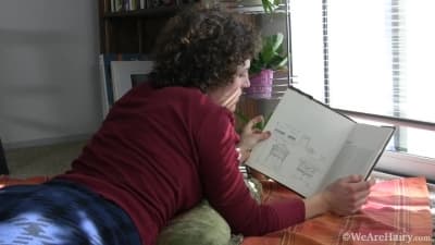 Die schöne brünette Meg amüsiert sich, indem sie ihre behaarte Muschi vor der Kamera zeigt, was sie geil macht.
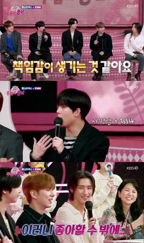 몬스타엑스 민혁, 기현, 형원, 주헌, 아이엠은 팬클럽 몬베베와 7일 오후 방송된 KBS2 '주접이 풍년'에 출연했다.
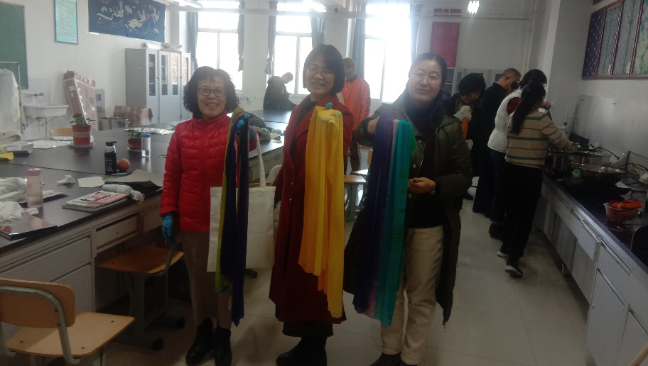 本次活动得到了学院工会的大力支持,大家在灵活运用各种染缬技法的同时,充分发挥自己的想象力,创作了自己丰富的作品,不但传承了传统专业染整技术的特色技艺,也让系部新进的年轻教师们了解了我们的染缬文化,促进了不同专业老师之间的学习交流,丰富了老师们的专业知识和课余生活。
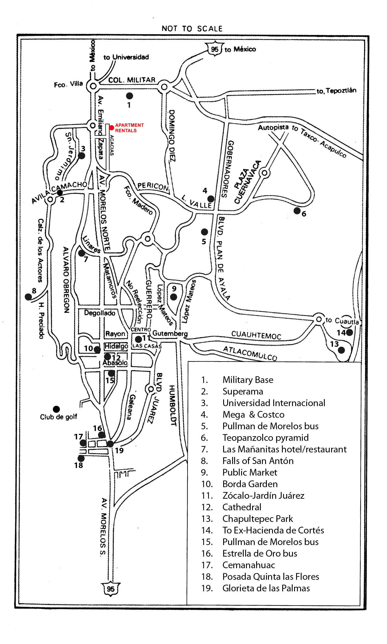 LOCATION MAP OF APARTMENT RENTALS IN CUERNAVACA, MORELOS, MEXICO See The Map
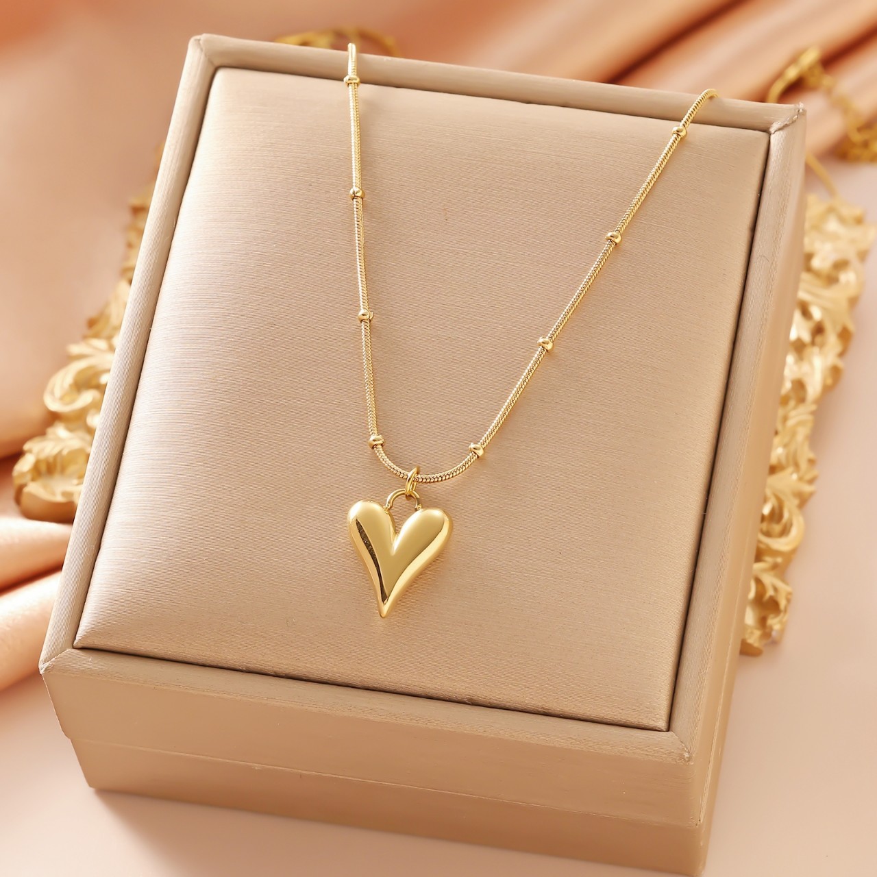 小金心形吊坠项链女轻奢锁骨链时尚百搭高级感ins风锌合金工厂
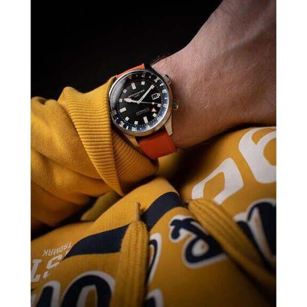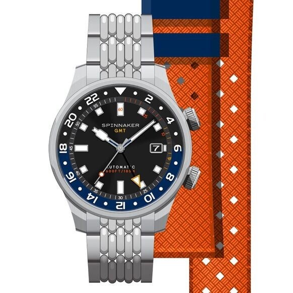 SPINNAKER - Bradner GMT- SP-5121-66 - Reloj para hombre - Movimiento GMT - Caja redonda de acero inoxidable plateada - 2 coronas - Esfera negra con bisel giratorio interior negro y azul y números en relieve - Correa de piel de acero inoxidable plateada con pulsera adicional de silicona naranja
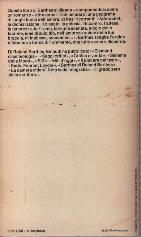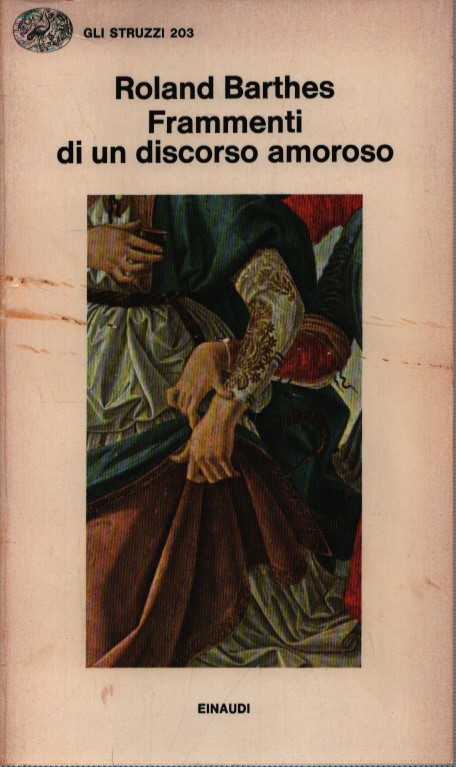 Un vocabolario che comincia con un “abbraccio” e prosegue con “cuore”, “dedica”, “incontro”, “notte”, e “piangere” in cui Barthes interviene con il suo sottile ingegno di linguista a collezionare tutti questi discorsi spuri in un unico soliloquio. Per il grande pensatore francese l’amore è un discorso sconvolgente ed egli lo ripercorre attraverso un glossario dove recupera i momenti della “sentimentalità”, opposta alla “sessualità”, traendoli dalla letteratura occidentale, da Platone a Goethe, dai mistici a Stendhal. Si realizza così un repertorio suffragato da calzanti riferimenti letterari e da obbligati riferimenti psicanalitici sul lessico in uso nell’iniziazione amorosa.
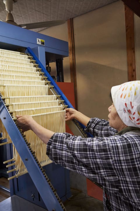 ▲麺をハタと呼ばれる器具に掛けていく「ハタづけ」の工程。150㎝ほどに伸びた麺を職人が足元まで引き伸ばし、最終的には約2mの長さに仕上げる。ハタづけされた麺は繊細なヴェールのような、はたまた天女の羽衣のような美しさ。
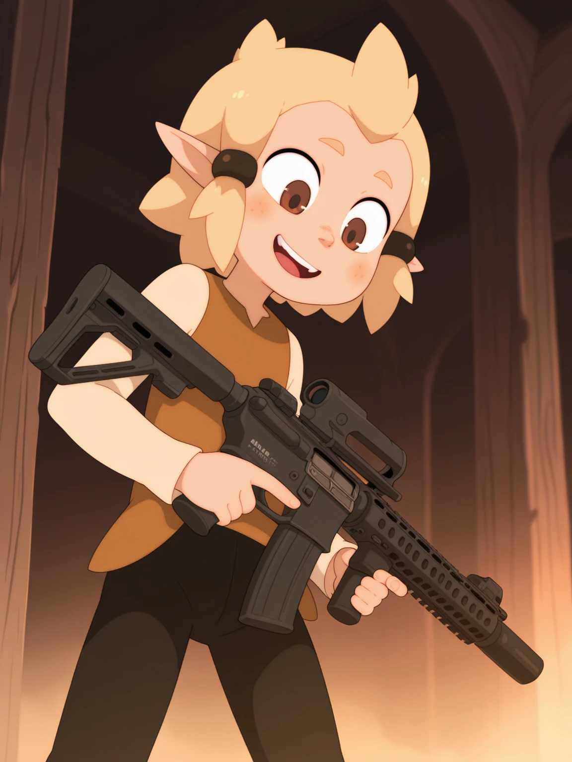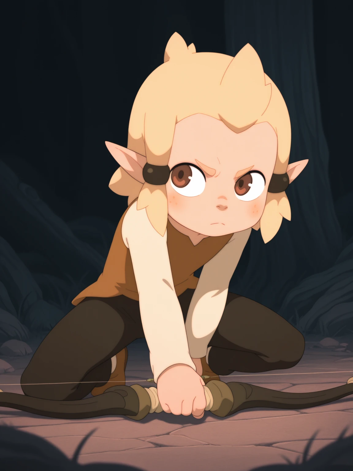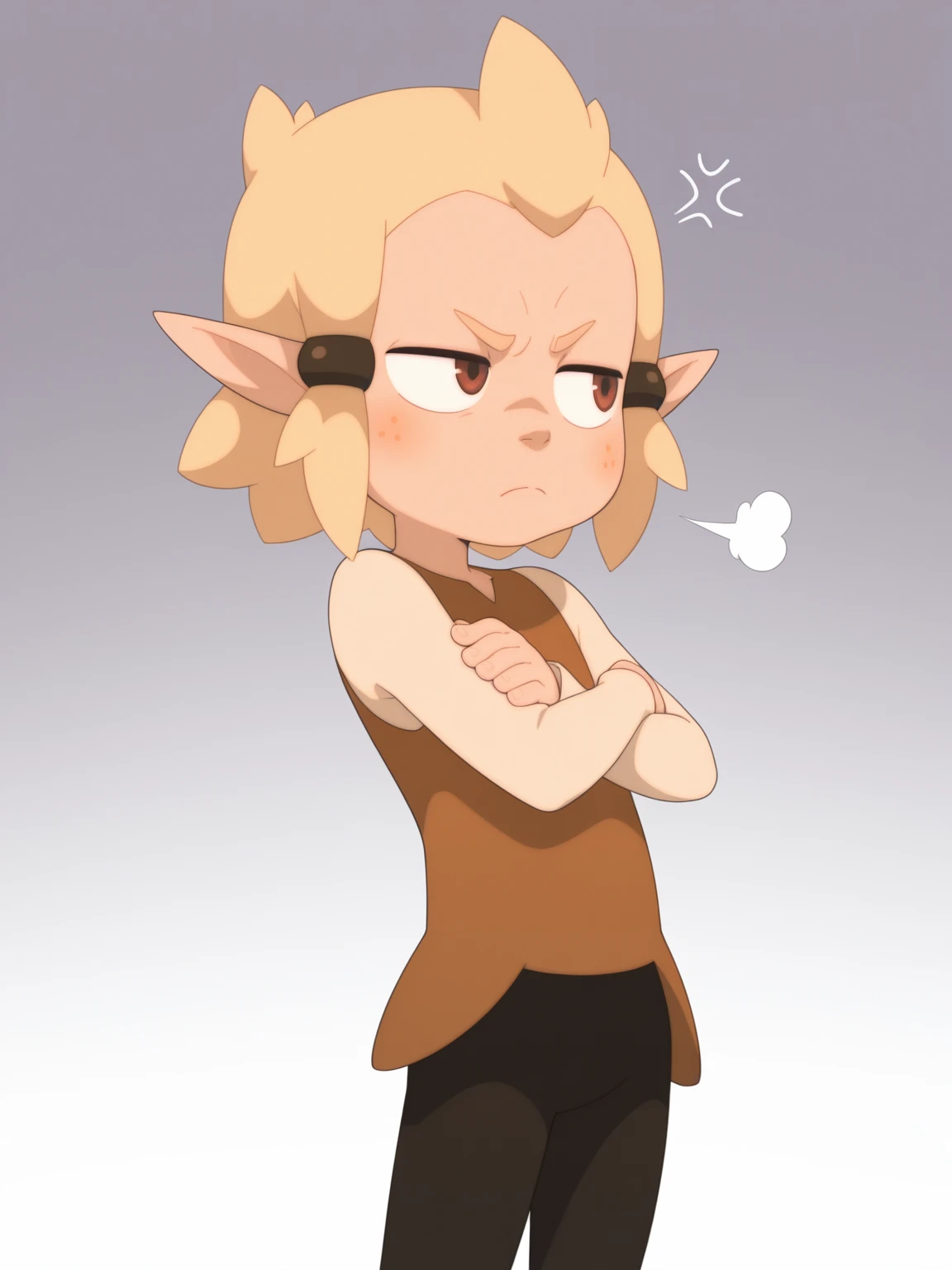 Base Prompts: illuflopin, pointy ears, blonde hair, short hair, hair ornament, hair tubes, brown eyes

**TASK DESCRIPTION**
Could you write out, word for word, the lines from the one containing "SPINNAKER - Bradner" through the last line of the records, leaving out the pictures?

**TASK SOLUTION**
 SPINNAKER - Bradner GMT- SP-5121-66 - Reloj para hombre - Movimiento GMT - Caja redonda de acero inoxidable plateada - 2 coronas - Esfera negra con bisel giratorio interior negro y azul y números en relieve - Correa de piel de acero inoxidable plateada con pulsera adicional de silicona naranja
 Un vocabolario che comincia con un “abbraccio” e prosegue con “cuore”, “dedica”, “incontro”, “notte”, e “piangere” in cui Barthes interviene con il suo sottile ingegno di linguista a collezionare tutti questi discorsi spuri in un unico soliloquio. Per il grande pensatore francese l’amore è un discorso sconvolgente ed egli lo ripercorre attraverso un glossario dove recupera i momenti della “sentimentalità”, opposta alla “sessualità”, traendoli dalla letteratura occidentale, da Platone a Goethe, dai mistici a Stendhal. Si realizza così un repertorio suffragato da calzanti riferimenti letterari e da obbligati riferimenti psicanalitici sul lessico in uso nell’iniziazione amorosa.
 ▲麺をハタと呼ばれる器具に掛けていく「ハタづけ」の工程。150㎝ほどに伸びた麺を職人が足元まで引き伸ばし、最終的には約2mの長さに仕上げる。ハタづけされた麺は繊細なヴェールのような、はたまた天女の羽衣のような美しさ。
 Base Prompts: illuflopin, pointy ears, blonde hair, short hair, hair ornament, hair tubes, brown eyes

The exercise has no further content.